··· DATA
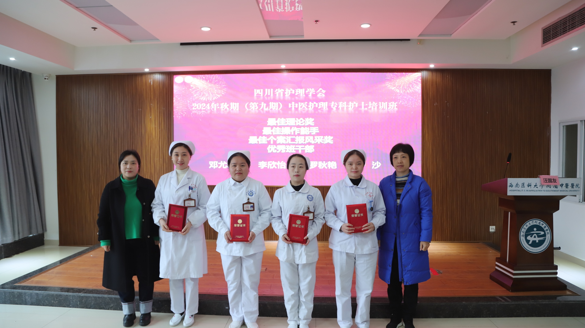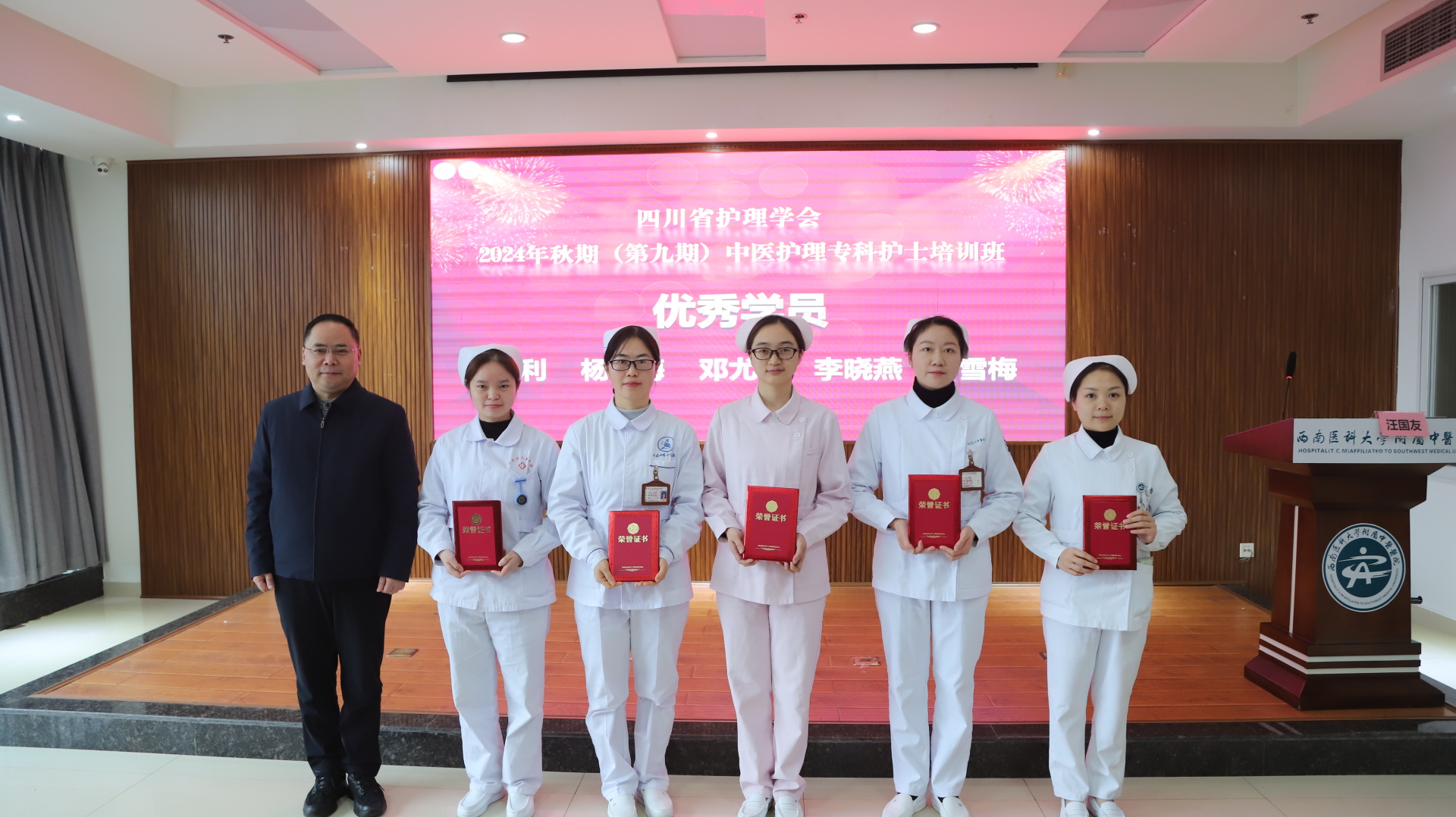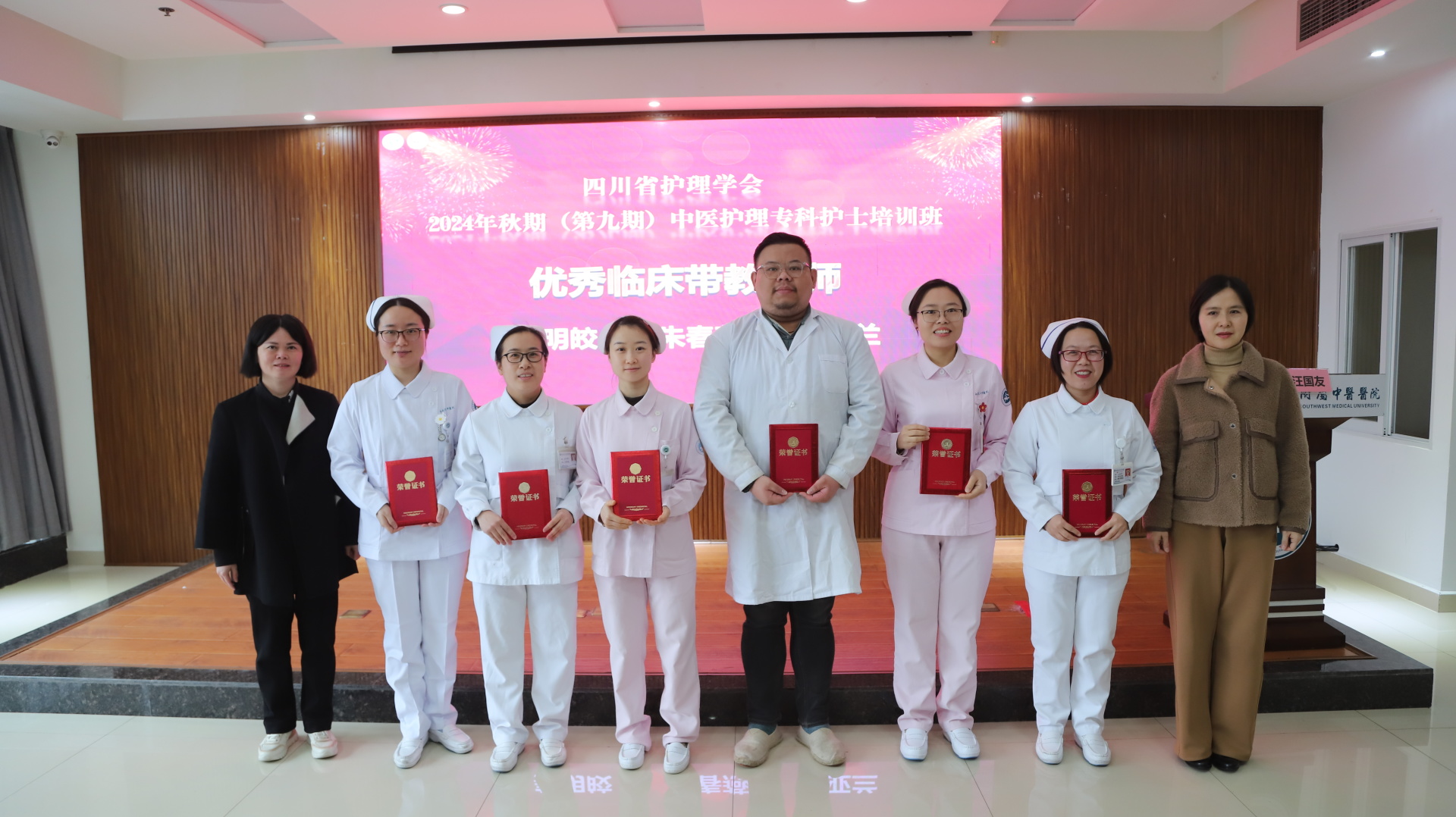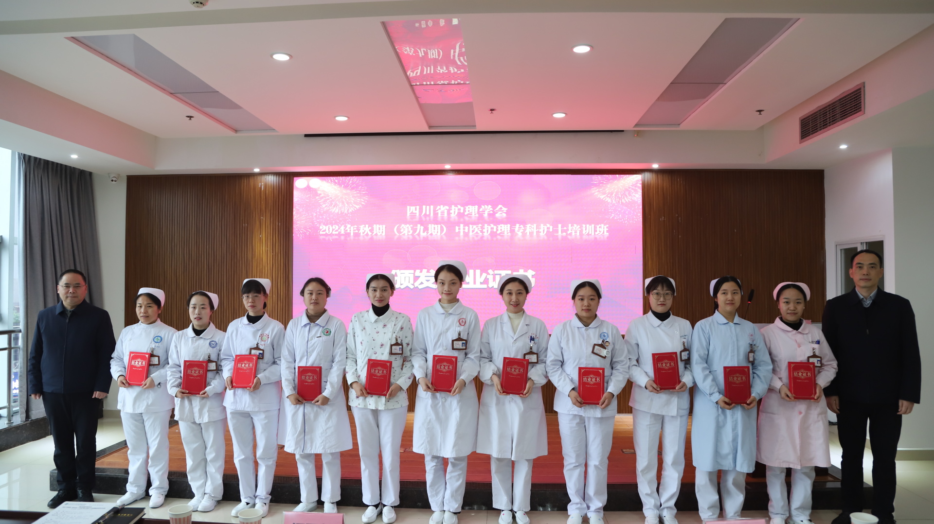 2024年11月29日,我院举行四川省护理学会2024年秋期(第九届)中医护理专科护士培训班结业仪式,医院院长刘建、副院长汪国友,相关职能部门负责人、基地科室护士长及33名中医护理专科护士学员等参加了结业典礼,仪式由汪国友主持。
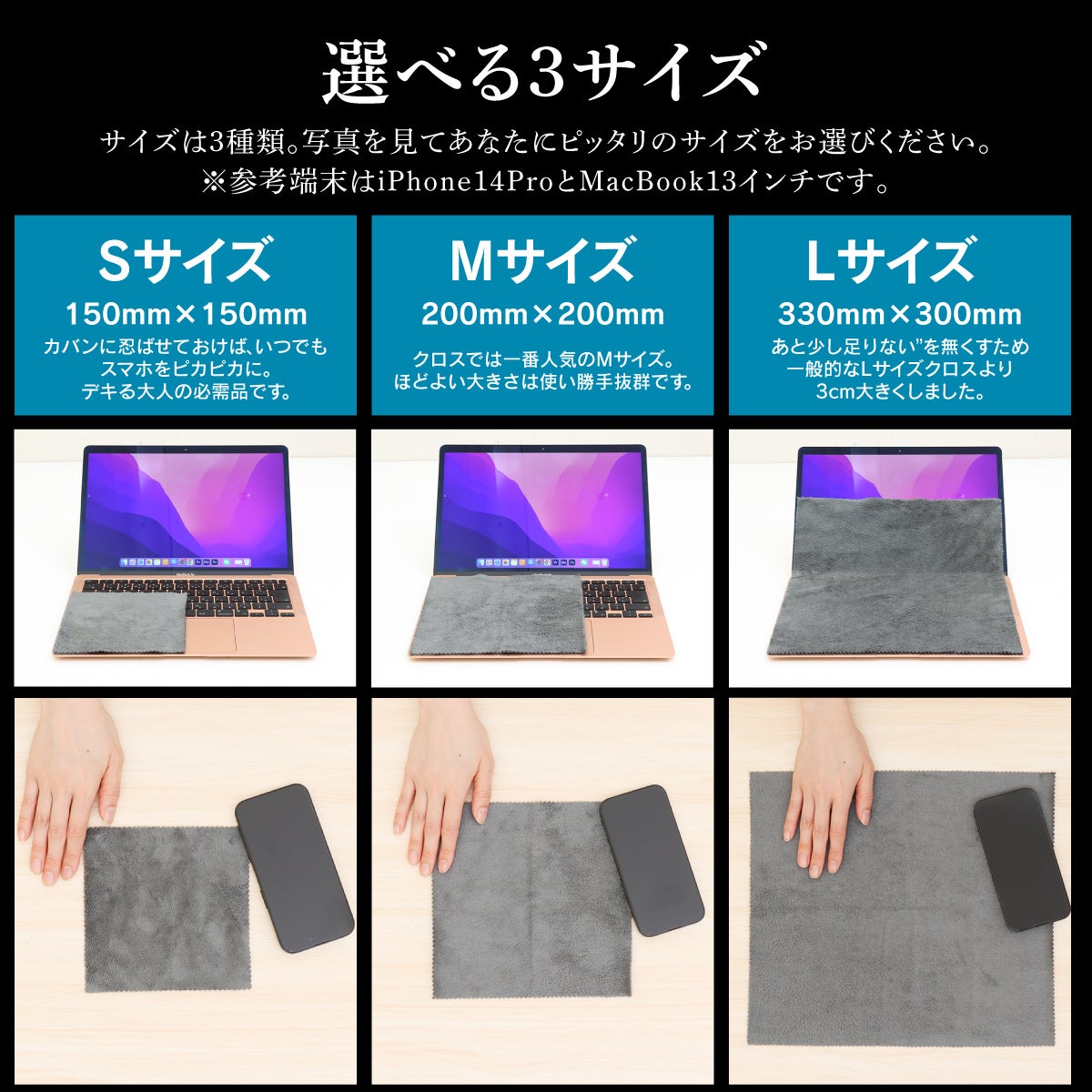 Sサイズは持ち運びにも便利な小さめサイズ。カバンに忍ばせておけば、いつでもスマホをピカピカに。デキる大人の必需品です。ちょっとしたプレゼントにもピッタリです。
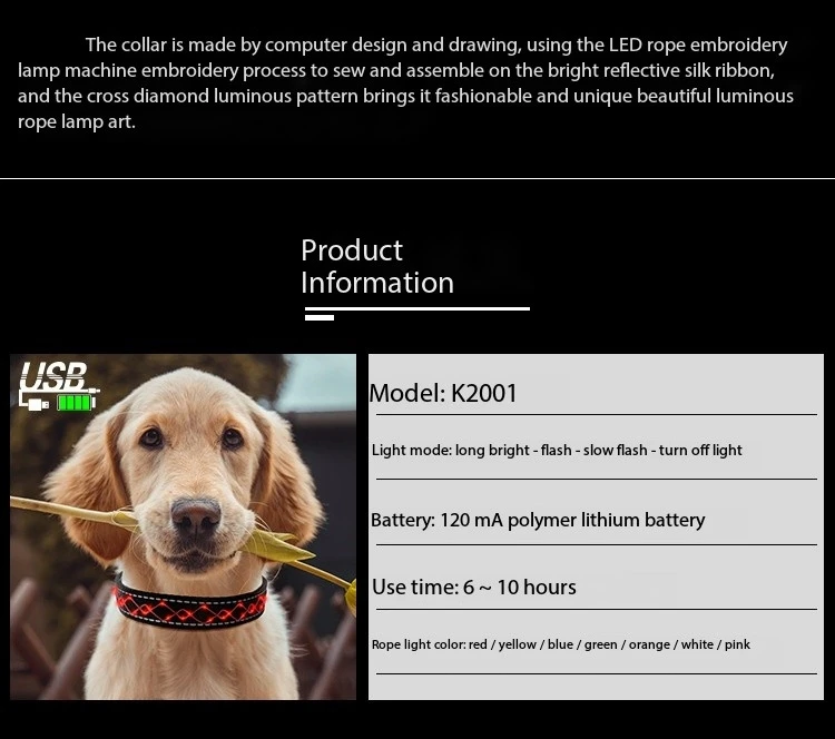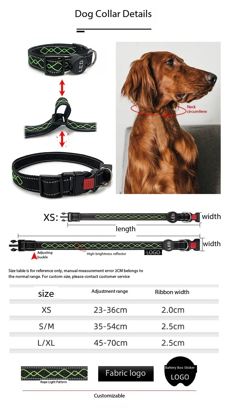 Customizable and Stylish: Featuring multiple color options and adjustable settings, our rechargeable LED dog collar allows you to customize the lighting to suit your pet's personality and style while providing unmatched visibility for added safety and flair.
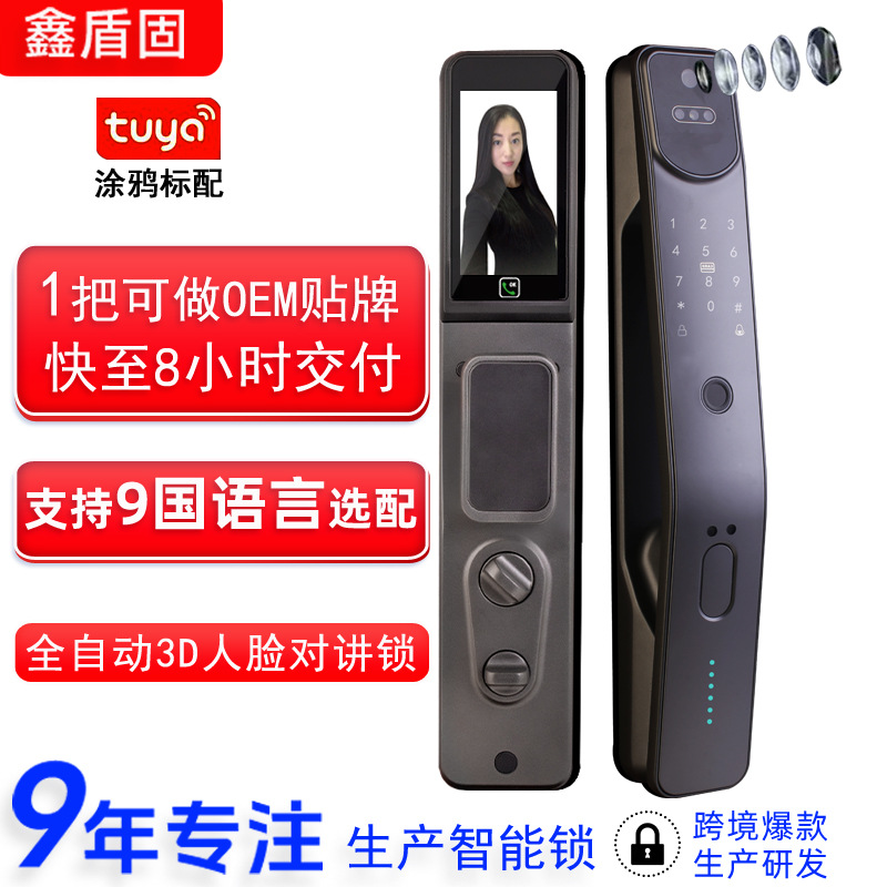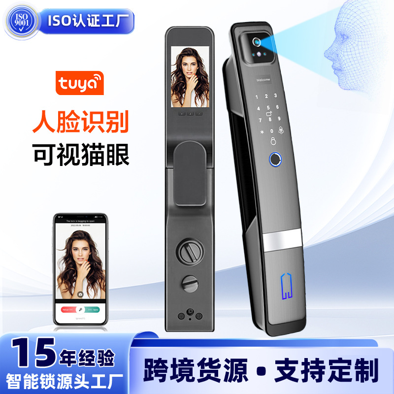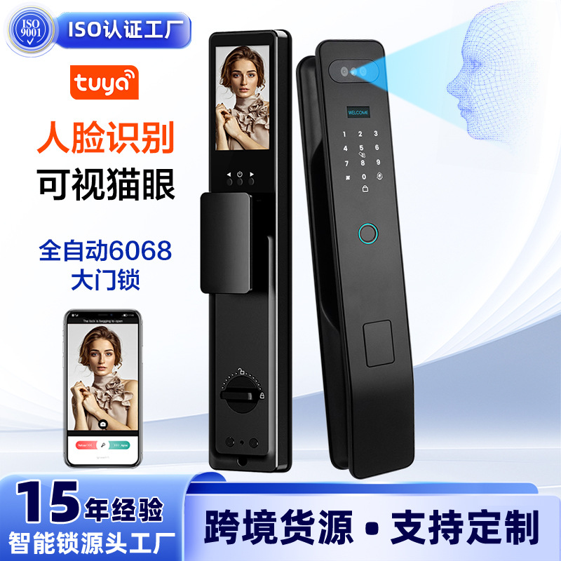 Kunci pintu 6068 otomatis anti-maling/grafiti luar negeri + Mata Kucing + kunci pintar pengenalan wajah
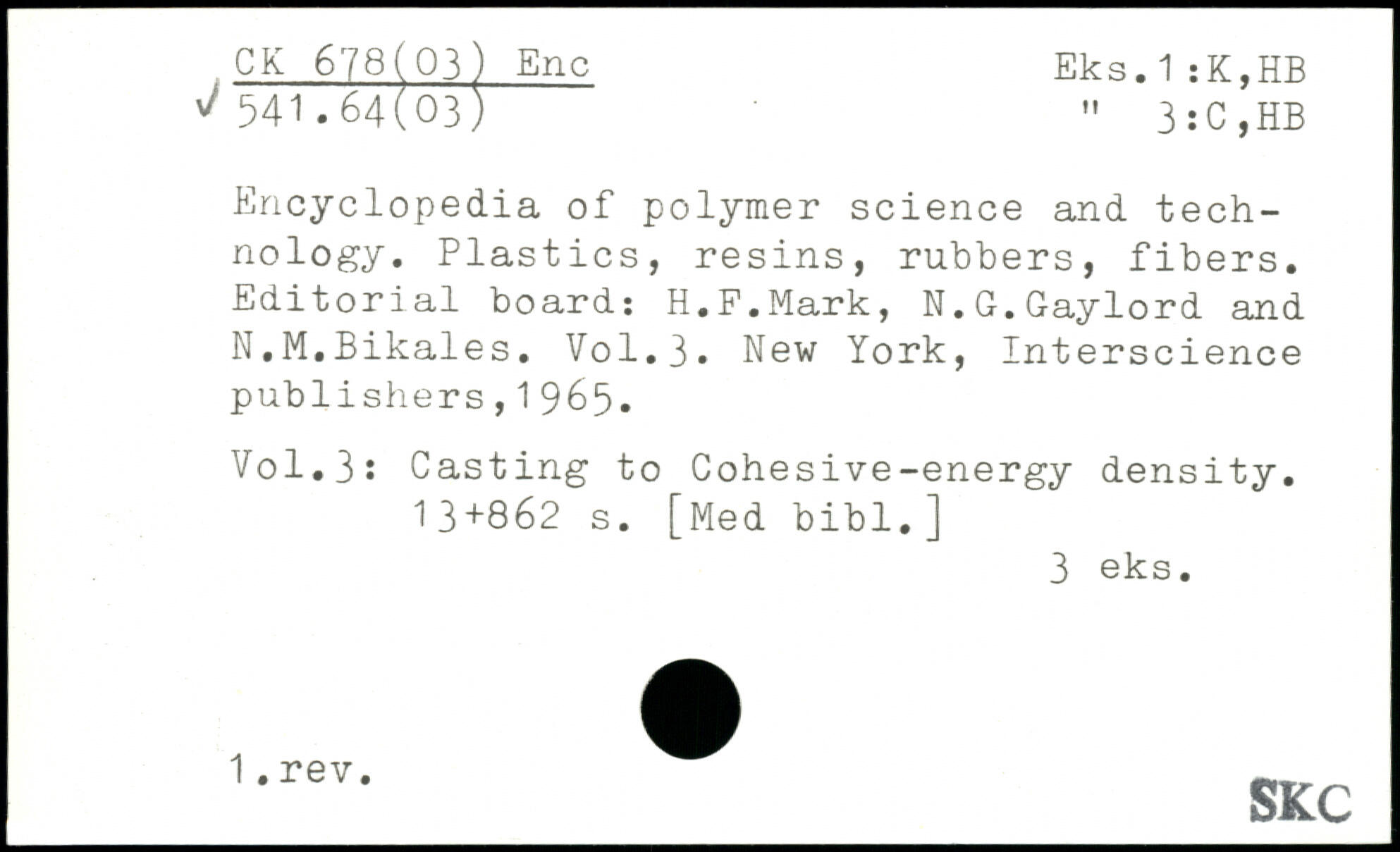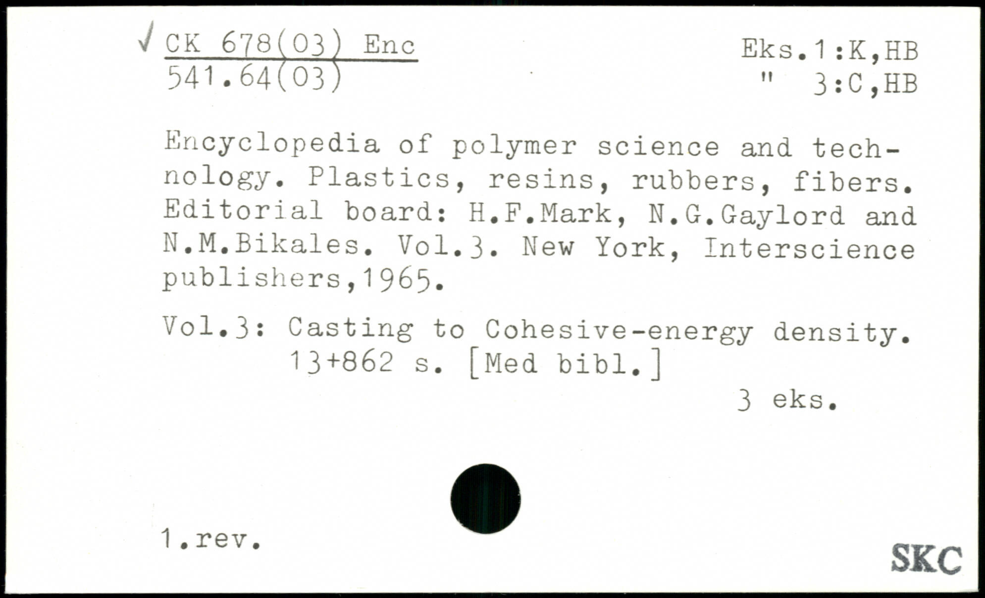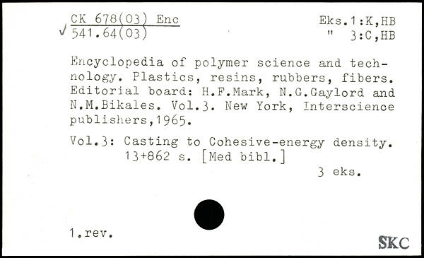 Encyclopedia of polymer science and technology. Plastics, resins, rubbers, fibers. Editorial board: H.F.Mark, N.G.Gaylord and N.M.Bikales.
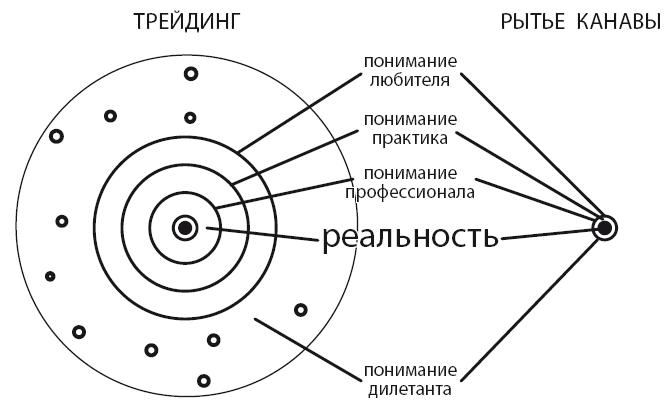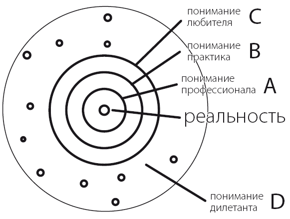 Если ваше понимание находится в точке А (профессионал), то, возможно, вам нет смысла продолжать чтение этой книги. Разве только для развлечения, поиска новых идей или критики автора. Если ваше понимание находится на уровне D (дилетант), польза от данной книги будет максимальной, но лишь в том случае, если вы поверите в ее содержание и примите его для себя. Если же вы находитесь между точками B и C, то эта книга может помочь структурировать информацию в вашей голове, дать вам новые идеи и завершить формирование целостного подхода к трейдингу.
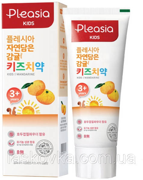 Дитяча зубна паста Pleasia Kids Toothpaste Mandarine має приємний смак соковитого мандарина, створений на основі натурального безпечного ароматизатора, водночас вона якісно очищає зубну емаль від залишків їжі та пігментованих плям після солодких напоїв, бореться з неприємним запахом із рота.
······
Could you print the material above word for word and skip the images?

 2024年11月29日,我院举行四川省护理学会2024年秋期(第九届)中医护理专科护士培训班结业仪式,医院院长刘建、副院长汪国友,相关职能部门负责人、基地科室护士长及33名中医护理专科护士学员等参加了结业典礼,仪式由汪国友主持。
 Sサイズは持ち運びにも便利な小さめサイズ。カバンに忍ばせておけば、いつでもスマホをピカピカに。デキる大人の必需品です。ちょっとしたプレゼントにもピッタリです。
 Customizable and Stylish: Featuring multiple color options and adjustable settings, our rechargeable LED dog collar allows you to customize the lighting to suit your pet's personality and style while providing unmatched visibility for added safety and flair.
 Kunci pintu 6068 otomatis anti-maling/grafiti luar negeri + Mata Kucing + kunci pintar pengenalan wajah
 Encyclopedia of polymer science and technology. Plastics, resins, rubbers, fibers. Editorial board: H.F.Mark, N.G.Gaylord and N.M.Bikales.
 Если ваше понимание находится в точке А (профессионал), то, возможно, вам нет смысла продолжать чтение этой книги. Разве только для развлечения, поиска новых идей или критики автора. Если ваше понимание находится на уровне D (дилетант), польза от данной книги будет максимальной, но лишь в том случае, если вы поверите в ее содержание и примите его для себя. Если же вы находитесь между точками B и C, то эта книга может помочь структурировать информацию в вашей голове, дать вам новые идеи и завершить формирование целостного подхода к трейдингу.
 Дитяча зубна паста Pleasia Kids Toothpaste Mandarine має приємний смак соковитого мандарина, створений на основі натурального безпечного ароматизатора, водночас вона якісно очищає зубну емаль від залишків їжі та пігментованих плям після солодких напоїв, бореться з неприємним запахом із рота.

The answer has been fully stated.